## What needs to be done:
Exact copies of the lines below are the goal; any images in them are dropped.

## Data excerpt:
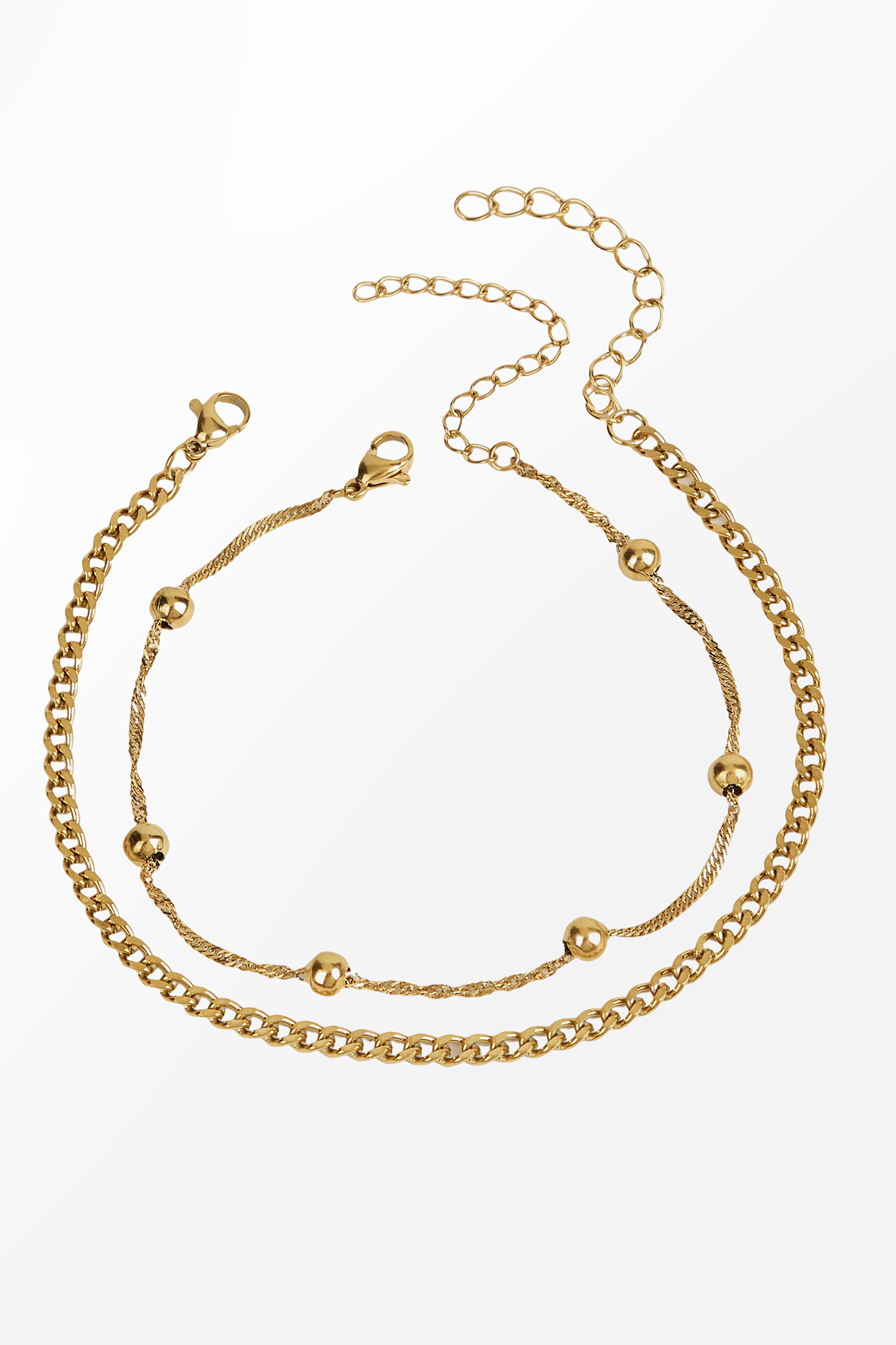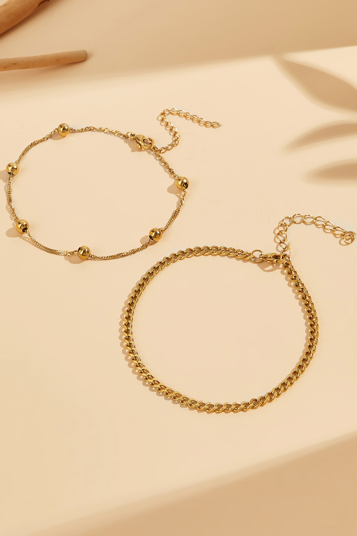 Conjunto de tobillera de eslabones de cadena en tono dorado
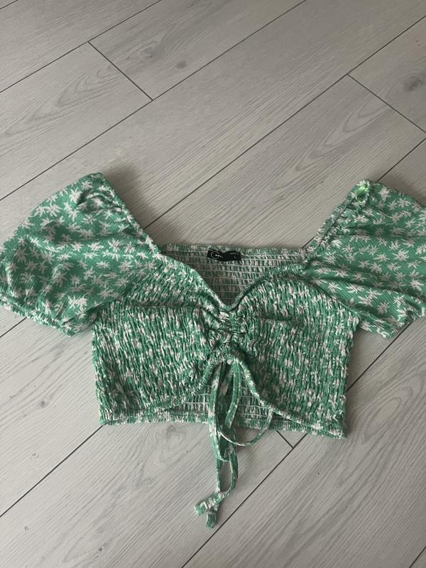 Літній укорочений топ зелений у квіточку — легкість і свіжість у кожному образі Цей топ — справжня знахідка для спекотних днів! Легка тканина дарує відчуття комфорту, а свіжий зелений колір із квітковим принтом створює ніжний, літній настрій. Укорочений фасон чудово поєднується з високою посадкою та підкреслює талію
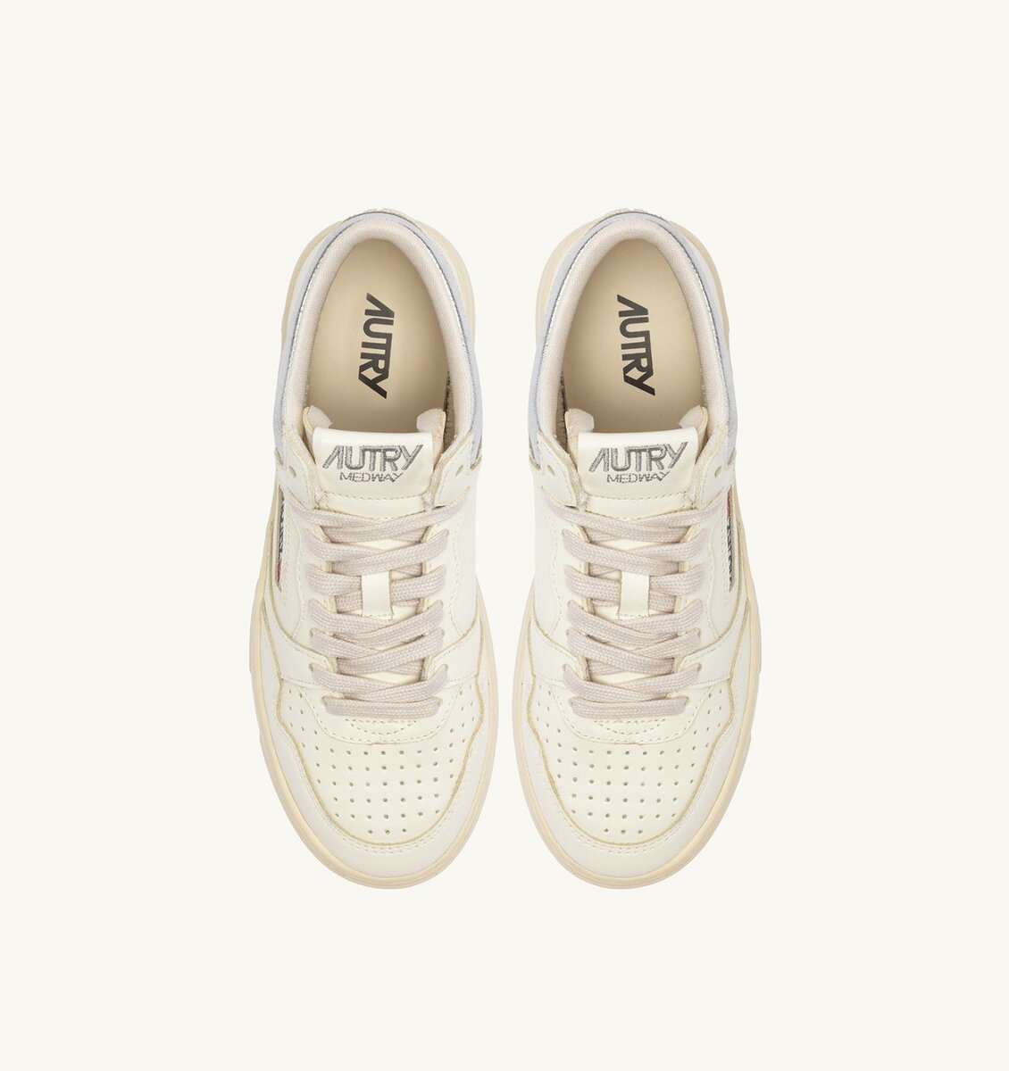 MED-WAY SNEAKERS IN LEATHER COLOR MARSHMALLOW AND SILVER

## Answer section:
 Conjunto de tobillera de eslabones de cadena en tono dorado
 Літній укорочений топ зелений у квіточку — легкість і свіжість у кожному образі Цей топ — справжня знахідка для спекотних днів! Легка тканина дарує відчуття комфорту, а свіжий зелений колір із квітковим принтом створює ніжний, літній настрій. Укорочений фасон чудово поєднується з високою посадкою та підкреслює талію
 MED-WAY SNEAKERS IN LEATHER COLOR MARSHMALLOW AND SILVER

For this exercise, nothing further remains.